Bilinda Straight, Ivy Pike, Charles Hilton, and Matthias Oesterle – Pages 557-578

http://link.springer.com/article/10.1007/s11013-014-9417-4

The authors of this article strive to establish a nuanced and ethnographically rich understanding of suicide and mental distress in an under-studied population of three distinct, yet interacting, pastoral communities in northern central Kenya. These three groups– the Pokot, Samburu, and Turkana– are engaged in intercommunity conflicts over territory and land use agreements, despite the communities’ shared and entangled oral histories. Such tensions are only exacerbated by mutual fear of raids by other groups, dearths in food available for forage, and the theft of livestock from individuals who sell the animals to finance political campaigns. Poverty is likewise aggravated by these patterns of loss and violence.

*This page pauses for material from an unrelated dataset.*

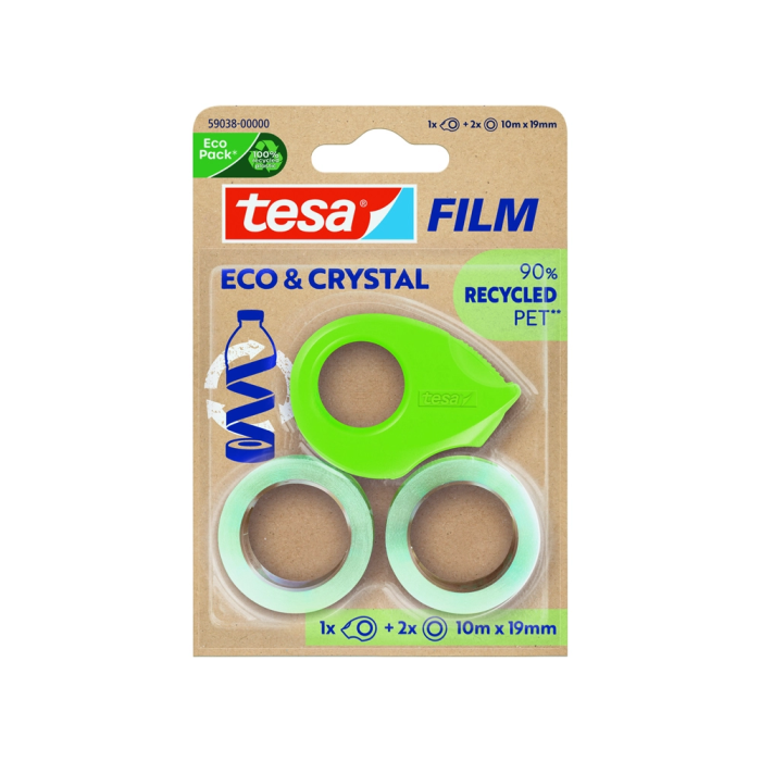 Tesa eco&cristal Cinta Adhesiva Transparente 10 mt x 19 mm Blister 2 Unidades + Miniportarrollo
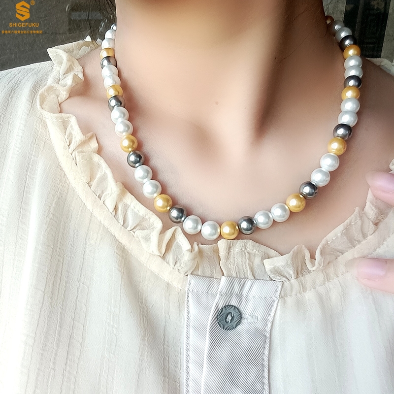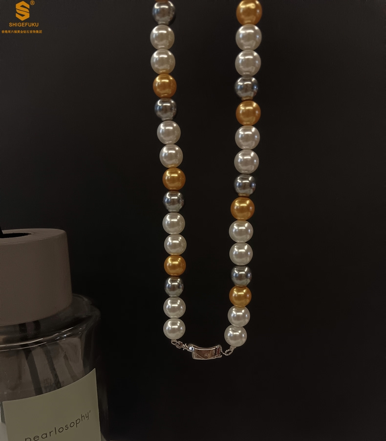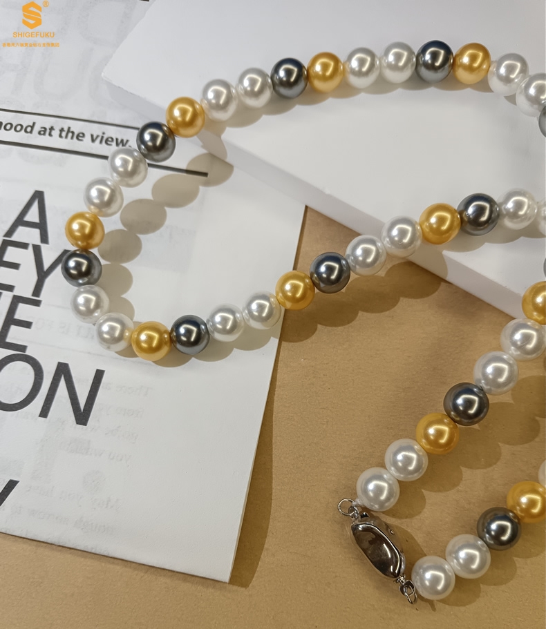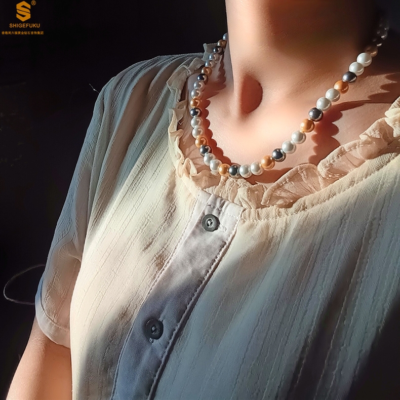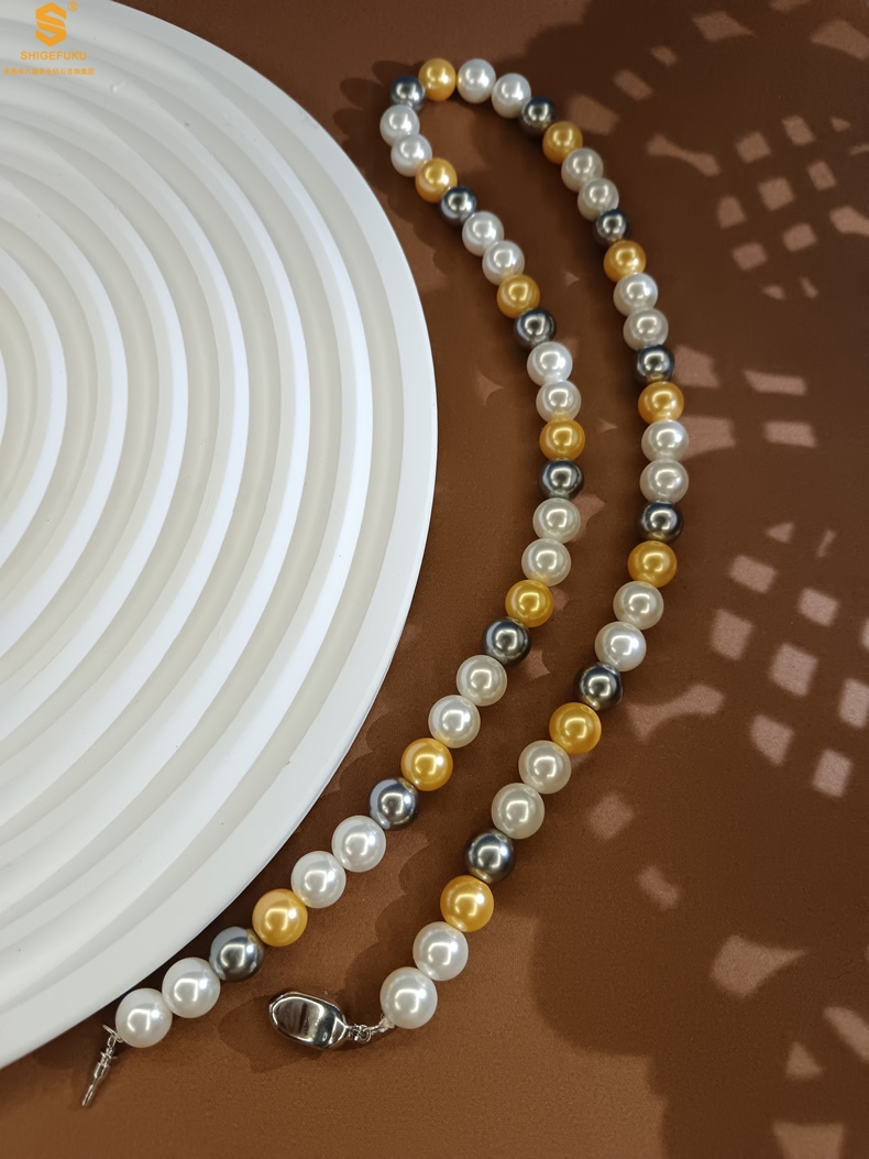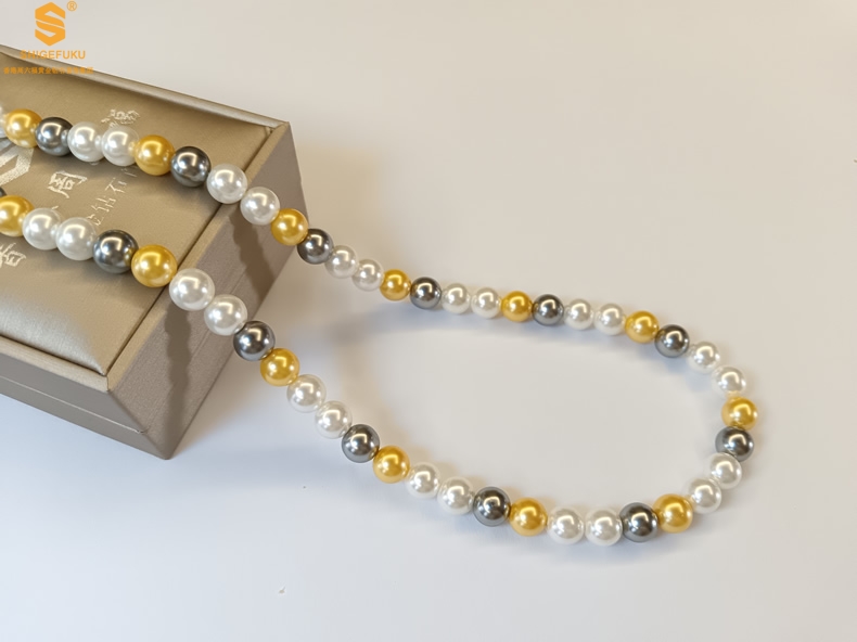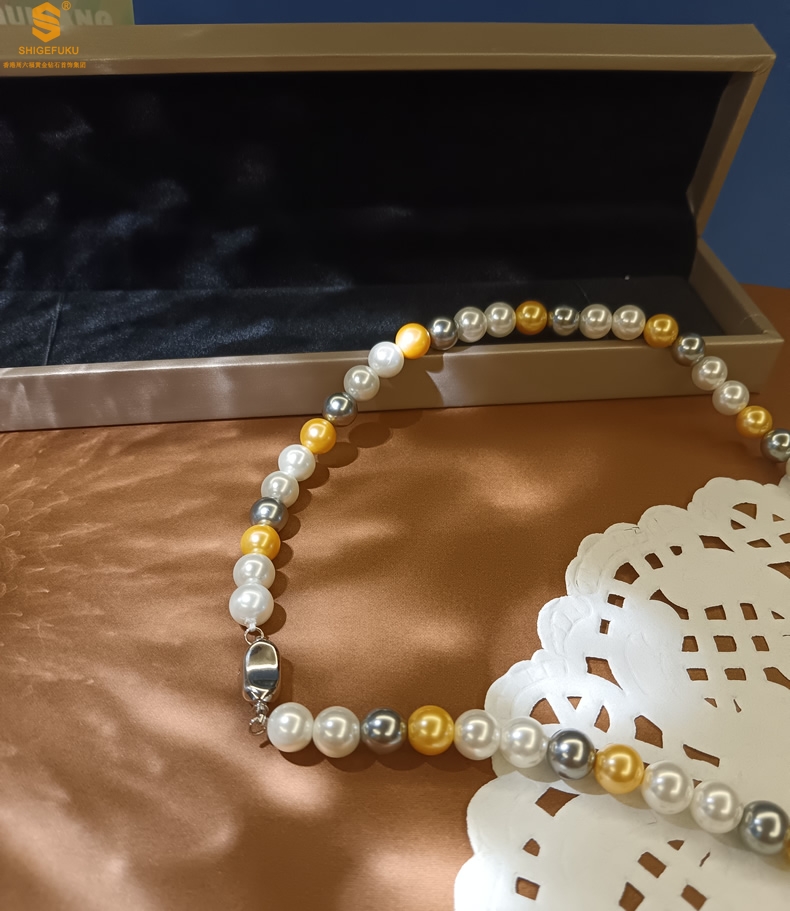 【品名】彩虹多巴胺南洋进口珍珠项链8mm

This turbulent social environment creates widespread mental distress amongst the three communities, yet individuals from each group stressed to the research team that they felt obligated to persevere despite these pressures, making admitting psychological suffering (and especially confessing thoughts about suicide) deeply taboo. Therefore, any mental health intervention would have to be responsive to the extent to which Pokot, Samburu, and Turkana culture disallow individuals from discussing or even thinking about suicide: an act which could create even more social strain on the family of the person who committed it. The researchers confirmed this inability to discuss suicide by the high rates of non-response on a survey question which asked participants whether or not they had experienced suicidal thoughts.

Suicide thus proves to be a unique case for anthropological analysis because it is both driven by the social conditions of those who take their own lives, as well as disruptive to the communities in which these people lived. Its treatment by global health workers must in turn be sensitive to cultural beliefs that forbid conversation about suicide, especially in communities where the death of an individual may contribute to already extraordinary social distress.